Introduction /Classification:
- Skin cancers are common, observed in the subject of clear phototype with variable incidence in the world: incidence peaks recorded in American whites and Australian whites
- Primary skin cancers include two main groups:
Epithelial cancers: keratinocyte deriver, epithelioma or carcinomas: basal and spinocellular carcinoma
Non-epithelial cancers: drifts from other cells: melanoma (melanocyte), sarcoma (fibroblast)
- Epithelial skin cancers are the most common.

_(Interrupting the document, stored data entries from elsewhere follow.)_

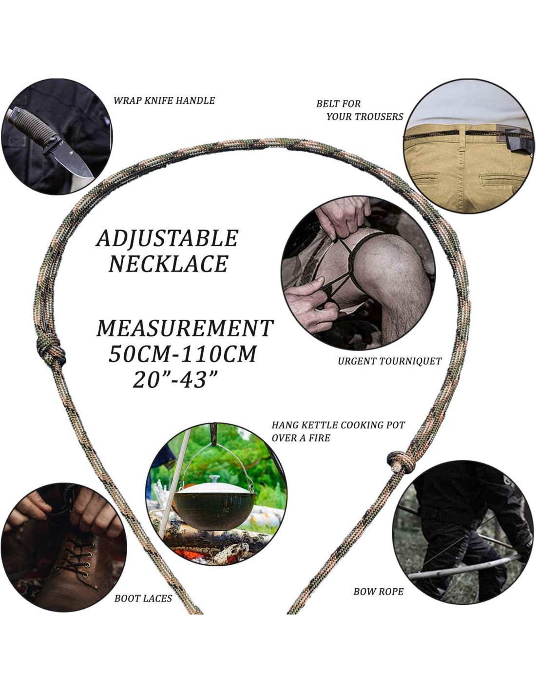 - [PARACORD DE GRADO MILITAR] Nuestro collar de Paracord para hombres y mujeres no solo es elegante y llamativo, sino también extremadamente cómodo y ligero. Manos libres, puede desarmarse a 110 cm de longitud y 550 lbs (250 kg). Puedes combinarlo fácilmente con cualquier atuendo y siempre tener un kit de encendedor de fuego de emergencia a tu disposición.
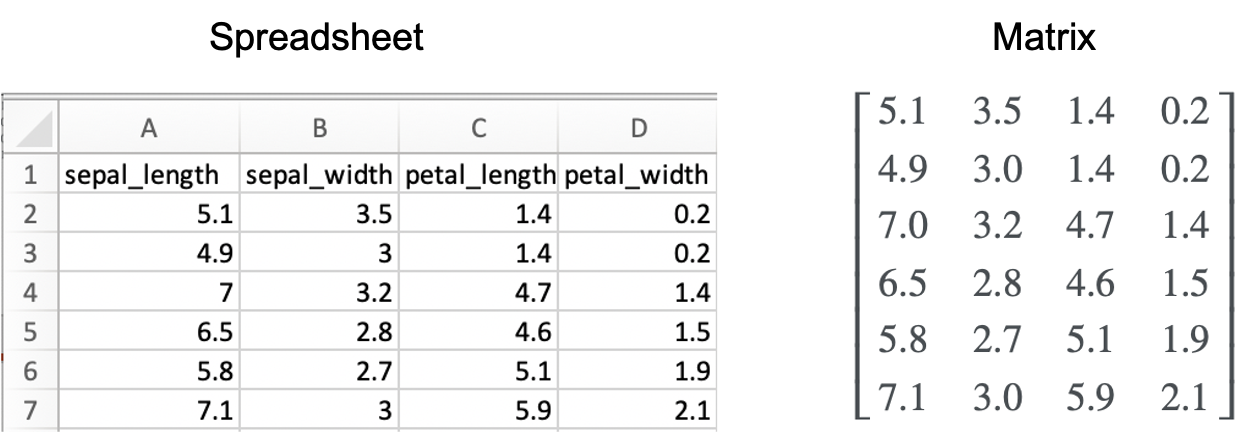 一个数值数据集,例如存储在 Excel 电子表格中的数据,可以表示为一个矩阵。也就是说,列代表不同的字段,行代表不同的条目。例如:
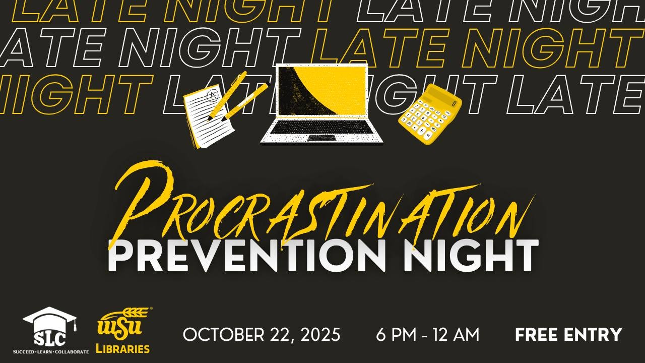 Feeling the pressure? Join us for Procrastination Prevention Night at Ablah Library on Wednesday, Oct. 22 from 6 p.m. to midnight. We’ll have workshops, tutoring, and more to help you tackle assignments and stay on track — plus arts and crafts, games, and food to reduce stress as deadlines approach.
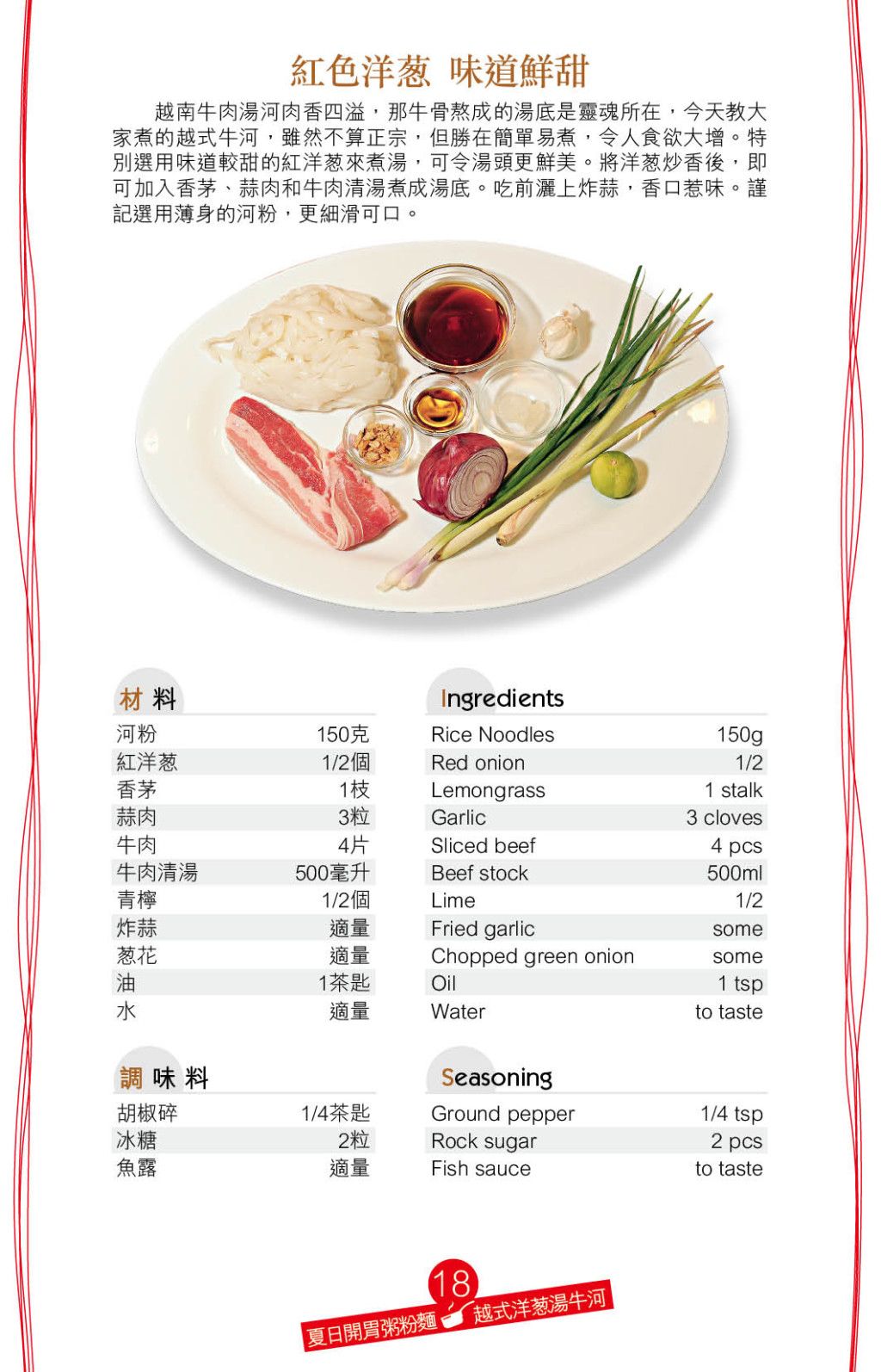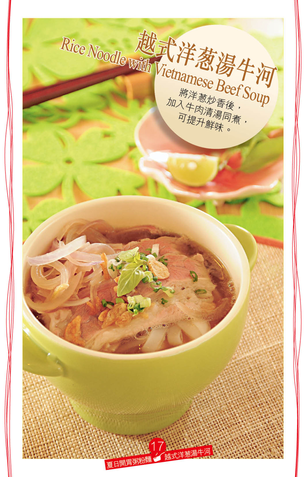 “越式洋蔥湯牛河”味道清新,選用多款地道越南材料烹調,包括香茅、紅洋蔥、青檸、炸蒜、魚露,鮮味又清香。

- Skin melanoma is less common but has a dreadful prognosis; it's the largest purveyor of death
Tumorigenesis:
- Different alterations occur on the skin cell (keratinocyte, melanocyte, other cells) will lead to the cancer cell
- Cell transformation is the result of genetic events inducing irreversible genomic abnormalities disrupting cell proliferation
Exogenous agents: cause alterations in cellular DNA, resulting in a mutation leading to a cancer cell: ultraviolet aorlysic rays A or B, ionizing radiation or oncogenic viruses
Chemical agent: aromatic polycyclic hydrocarbons, pesticides
- Genesis and skin cancers:
Genes responsible for cell transformation: abnormal, only in tumor cells, precise carcinogenic factors, ultraviolet rays
Genes that confer a genetic predisposition to cancer: genodermatosis that exposes the risk of developing skin tumours, mainly Xeroderma pigmentosum, mutations are carried by all cells of the body. Early age
Tumor suppressing genes (P53 gene): controls the smooth running of the cell cycle, it is a true guardian of the genome, stopping the cell cycle after genotoxic stress (UV), which allows to repair the genomic damage suffered before continuing mitoses
- Tumorigenesis by default repair of cellular alterations: the normal individual has an enzymatic equipment capable of repairing previous alterations, however, during some genetic diseases this enzyme equipment is (Xeroderma pigmentosum). The normal individual as he progresses in age sees weakening his means of repairing cellular alterations (frequency peak in the elderly)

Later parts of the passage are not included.